Her identity known, her place of honor recognized, and her eyes understood; there remains one element of the ghost story that the archives cannot reconcile. The most popular telling of Martha’s tale consistently claims some wrongdoing by her husband in life that causes her to be ever watching him in death. Martha’s crypt identifies her as “Martha Moor, wife of John M. Martin,” but there is no space labeled for John. Though Martha was one of four burials removed to Green Mount from Fredericktown in 1926, the accompanying three were her parents and her daughter, her husband is not listed.
When Martha died, John M. Martin [1823-1903] was 57 years old. With a lot of life still ahead of him, he buried Martha with her parents in Fredericktown and then he started over. On February 1, 1881, four months after Martha’s death, her widower was married to a woman 20 years younger than he, widow Isabelle (Barr) Montgomery [1843-1930], with whom he raised a second family.
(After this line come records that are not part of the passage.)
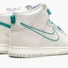 Light grey suede/leather Dunk High SE “First Use – Green Noise” sneakers from NIKE featuring signature Swoosh logo detail, contrasting panel detail, round toe, perforated detailing, front lace-up fastening, logo patch at the tongue, ankle-length, branded insole and rubber sole. These styles are supplied by a premium sneaker marketplace. Stocking only the most sought-after footwear, they source and curate some of the most hard to find sneakers from around the world..
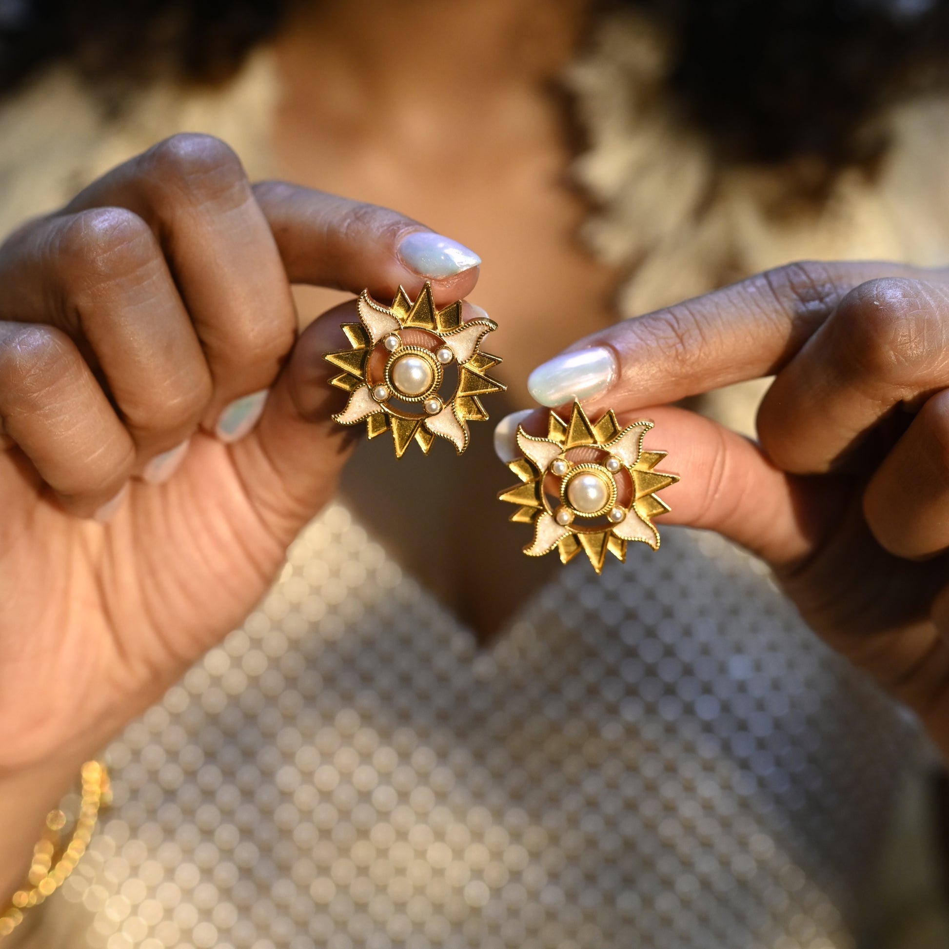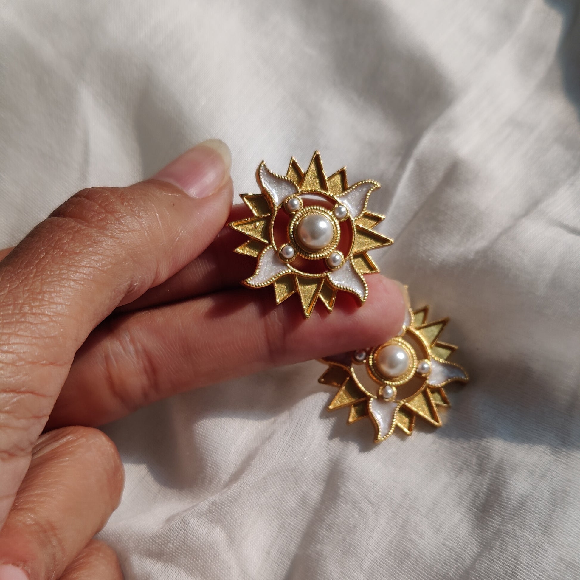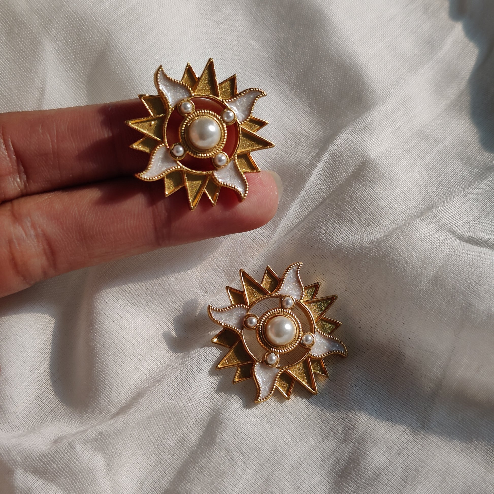 Symbolize light and positivity with these stunning Aabha Studs from our Vishwa Collection. Made with high-quality brass with a luxurious 18 carat gold plating, exquisite ivory enamel and glistening faux pearls add depth and dimension to this pair creating an alluring visual effect. Effortlessly elevate any outfit, whether it's a casual daytime look or a glamorous evening ensemble.
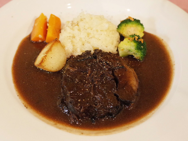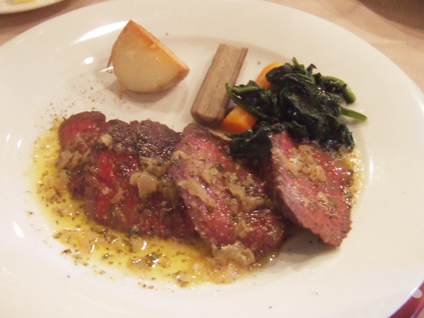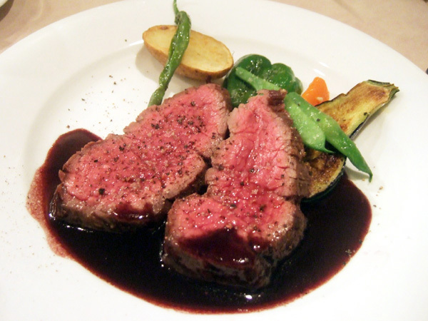 Menu B(4000円・外税)の主菜 オーストラリア産牛ヒレ肉120gのステーキ メートル・ドテル風
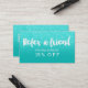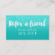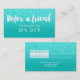 Refer a friend with this modern, stylish makeup referral card with modern hand lettering style brush typography in white on a trendy and elegant faux aqua glitter ombre on plain turquoise aqua.

The sons of John and Martha (Moor) Martin brought their mother to the mausoleum and put her picture in the window, but left their father where he lay. John was not buried with either of his wives. He rests with his father and a son by his second marriage at Amity Cemetery in Washington County, Pennsylvania.
In the end, the one piece of Martha’s mysterious stare that cannot be reasoned away is the possibility that she really is forever watching for her absent husband.